## [Exercise]
When you reach the line with "-местоположение объекта: стена", start repeating the lines exactly and keep going to the end of the records, but drop every picture.

## [Excerpted data]
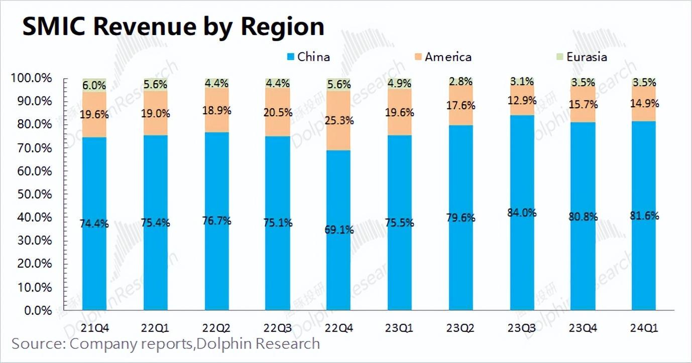 如上图所示,这是中芯自2021Q4以来至2024Q1以来,分地区的营收数据情况,可以看到中芯在中国的营收越来越高,从之前的74.4%,提升至这一季度的81.6%,也就是说超过五分之四的营收,已经在中国市场了。
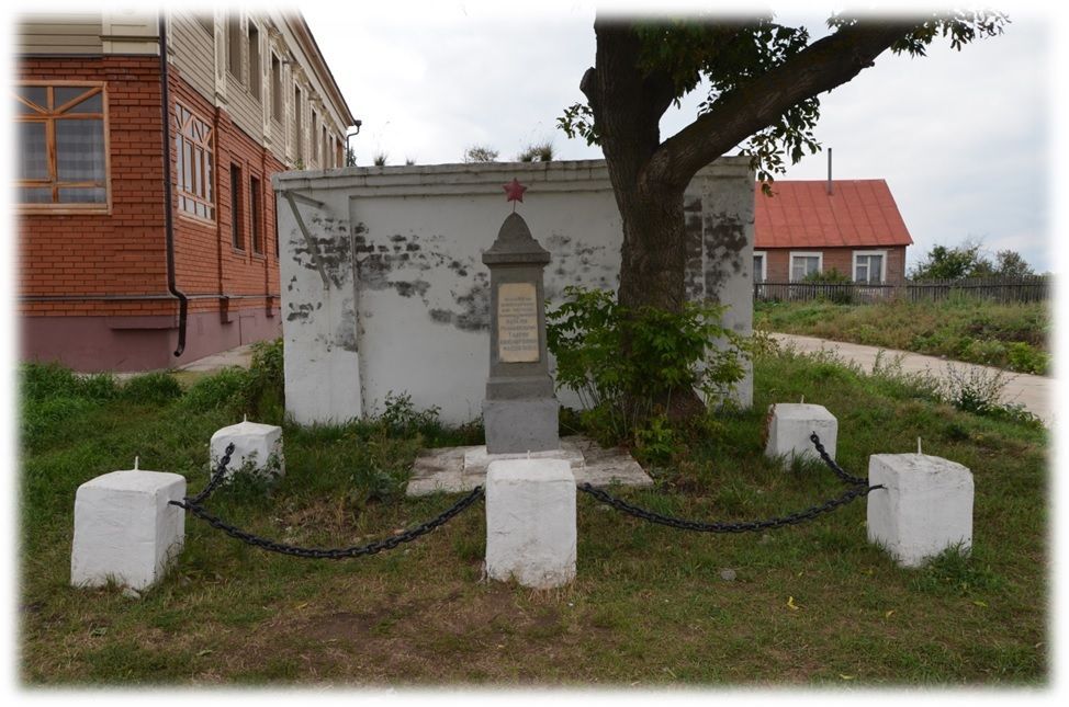 -местоположение объекта: стена расположена на улице Соборная с западной стороны Рождественской площади; территория в границах ограждения;-объёмно-пространственное решение: кирпичная стена с двумя плоскими лопатками по бокам и завершающаяся ступенчатым карнизом и небольшой бетонный обелиск с прямоугольным в плане ступенчатым основанием, и фигурным завершением с пятиконечной металлической звездой, расположенным на бетонной плите, с мемориальной доской с надписью: «Здесь в 1918 году белогвардейцами были расстреляны красноармейцы коммунисты Казанов Михаил Кузьмич, Тихонов Александр Тихонович, Фадеев Павел».
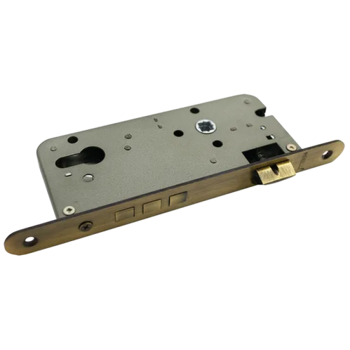 Замок межкомнатный OL03 AB под цилиндр с тремя ригелями, цвет античная бронза
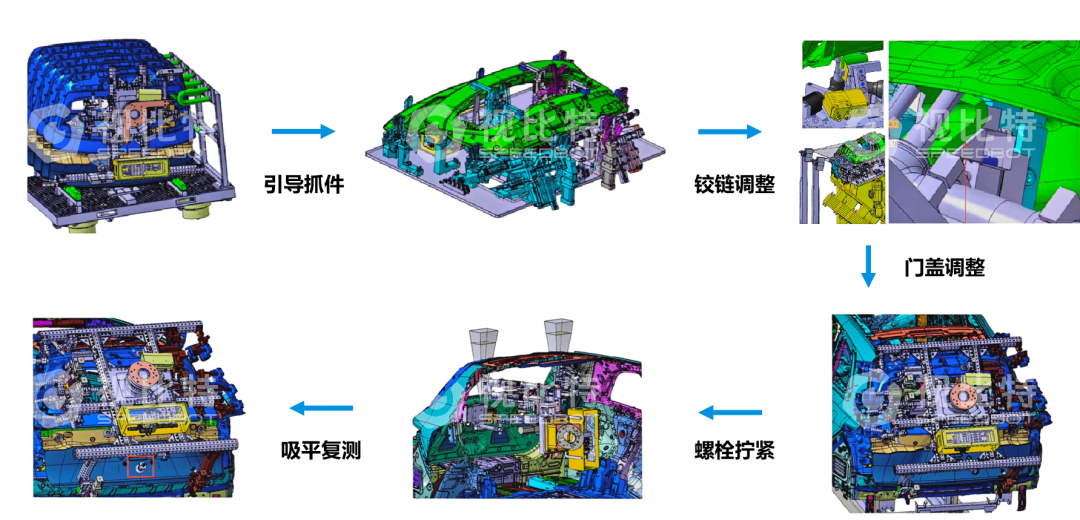 借助分布式视觉系统全面监控车身、门盖等关键尺寸误差,对铰链进行精确调整,形成完整工艺闭环,显著提升装调质量。
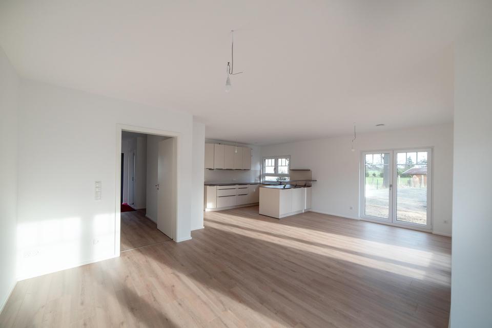 Die Diele führt Sie in den großen Wohn- und Essbereich. Die Küche ist schon eingebaut, dahinter verbirgt sich noch eine kleine Speisekammer. Eine barrierefreie Tür führt Sie auf die große Terrasse.
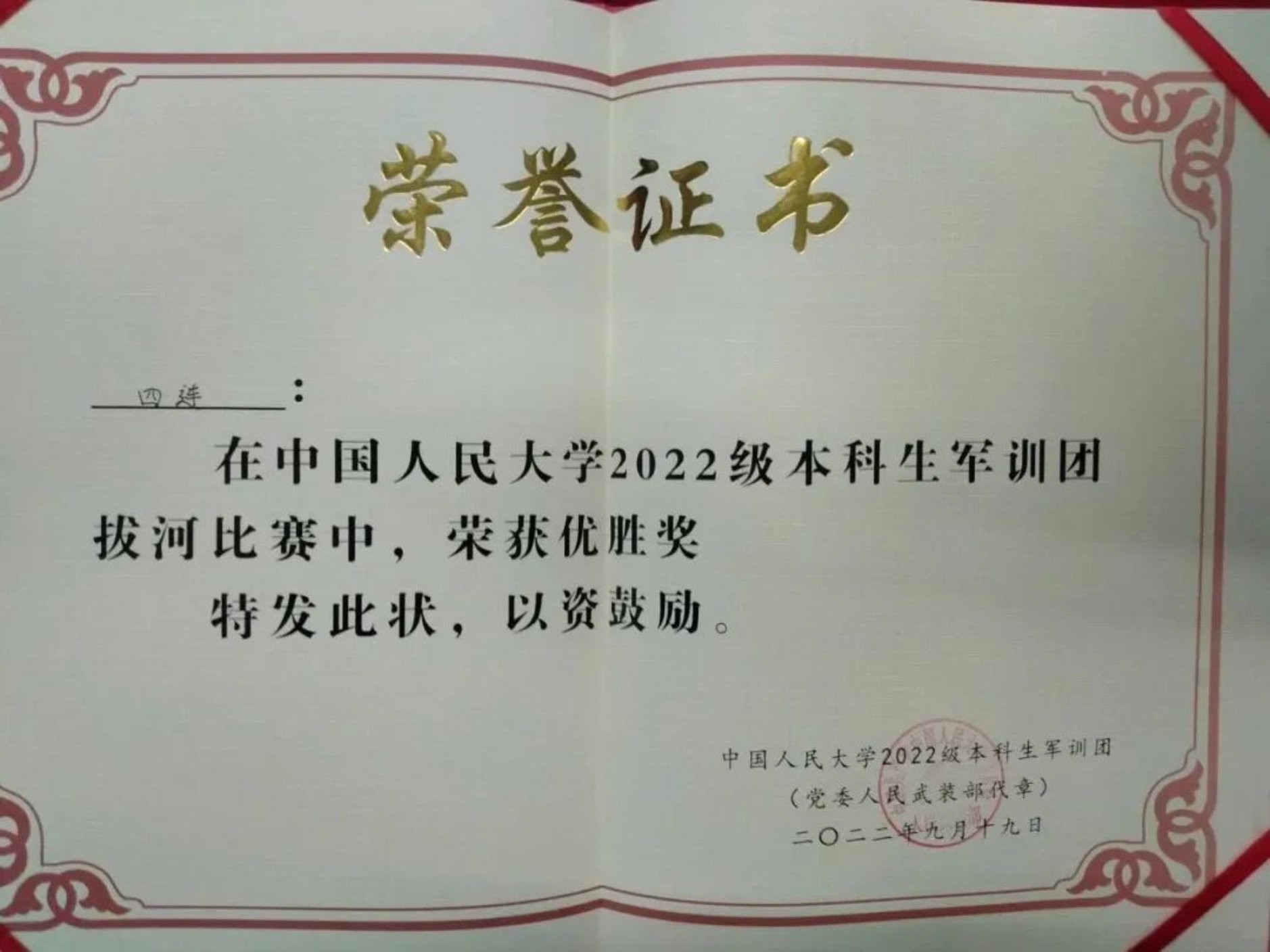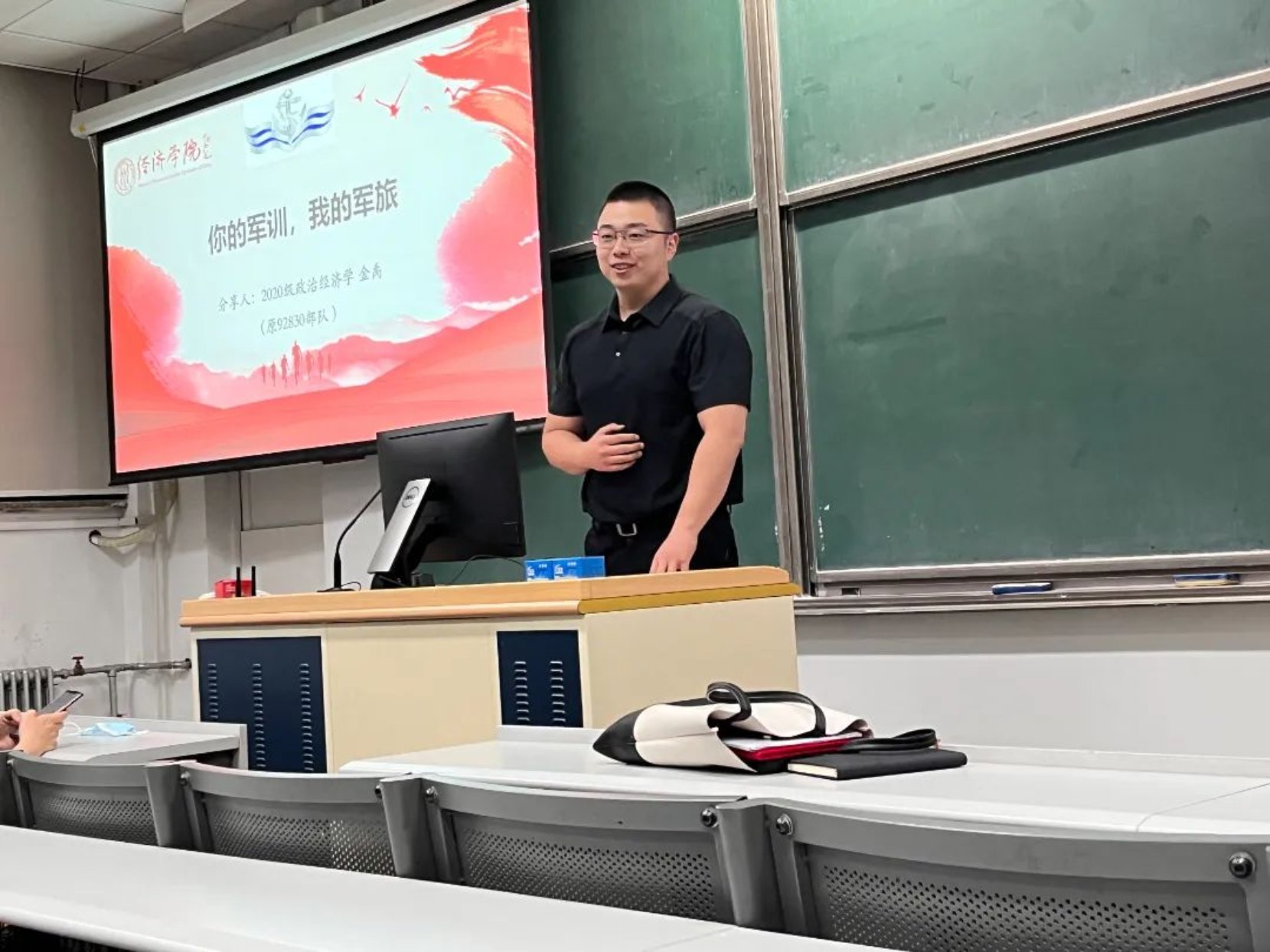 金师兄对于军旅生活的回忆,使我看到了人大的底色、军旅的底色——实事求是、一心向党、纪律严明、坚定初心。军训,渗着泪水和汗水。高度紧张的思维和灵敏有力的动作构成了军训的主旋律。我们穿上一身军装,步伐由本来的懒散到几天后的规整划一,心态由本来的养尊处优到几天后的刚强独立。军训带给我们的,更多是平日里学不到的知识。我们明白了何为纪律、何为坚持。军训锻炼了同学们的毅力,我们精神面貌经过一番洗礼,也焕然一新。渐渐地,我发现,我在走路时会自然而然地抬头挺胸了,站立时会习惯性地笔挺腰杆了,这些都是军训带给我的改变。在军训中,我们苦过,累过,也笑过。站在酷日下,我们皮肤一天比一天亮;为了把动作练规整,我们反反复复地练,直到全身酸痛;我们学唱军歌,和教官畅谈,笑声迭起。这是一段充实且快乐的宝贵经历,也是我们作为新时代青年的人生必修课。

## [Solution to this problem]
 -местоположение объекта: стена расположена на улице Соборная с западной стороны Рождественской площади; территория в границах ограждения;-объёмно-пространственное решение: кирпичная стена с двумя плоскими лопатками по бокам и завершающаяся ступенчатым карнизом и небольшой бетонный обелиск с прямоугольным в плане ступенчатым основанием, и фигурным завершением с пятиконечной металлической звездой, расположенным на бетонной плите, с мемориальной доской с надписью: «Здесь в 1918 году белогвардейцами были расстреляны красноармейцы коммунисты Казанов Михаил Кузьмич, Тихонов Александр Тихонович, Фадеев Павел».
 Замок межкомнатный OL03 AB под цилиндр с тремя ригелями, цвет античная бронза
 借助分布式视觉系统全面监控车身、门盖等关键尺寸误差,对铰链进行精确调整,形成完整工艺闭环,显著提升装调质量。
 Die Diele führt Sie in den großen Wohn- und Essbereich. Die Küche ist schon eingebaut, dahinter verbirgt sich noch eine kleine Speisekammer. Eine barrierefreie Tür führt Sie auf die große Terrasse.
 金师兄对于军旅生活的回忆,使我看到了人大的底色、军旅的底色——实事求是、一心向党、纪律严明、坚定初心。军训,渗着泪水和汗水。高度紧张的思维和灵敏有力的动作构成了军训的主旋律。我们穿上一身军装,步伐由本来的懒散到几天后的规整划一,心态由本来的养尊处优到几天后的刚强独立。军训带给我们的,更多是平日里学不到的知识。我们明白了何为纪律、何为坚持。军训锻炼了同学们的毅力,我们精神面貌经过一番洗礼,也焕然一新。渐渐地,我发现,我在走路时会自然而然地抬头挺胸了,站立时会习惯性地笔挺腰杆了,这些都是军训带给我的改变。在军训中,我们苦过,累过,也笑过。站在酷日下,我们皮肤一天比一天亮;为了把动作练规整,我们反反复复地练,直到全身酸痛;我们学唱军歌,和教官畅谈,笑声迭起。这是一段充实且快乐的宝贵经历,也是我们作为新时代青年的人生必修课。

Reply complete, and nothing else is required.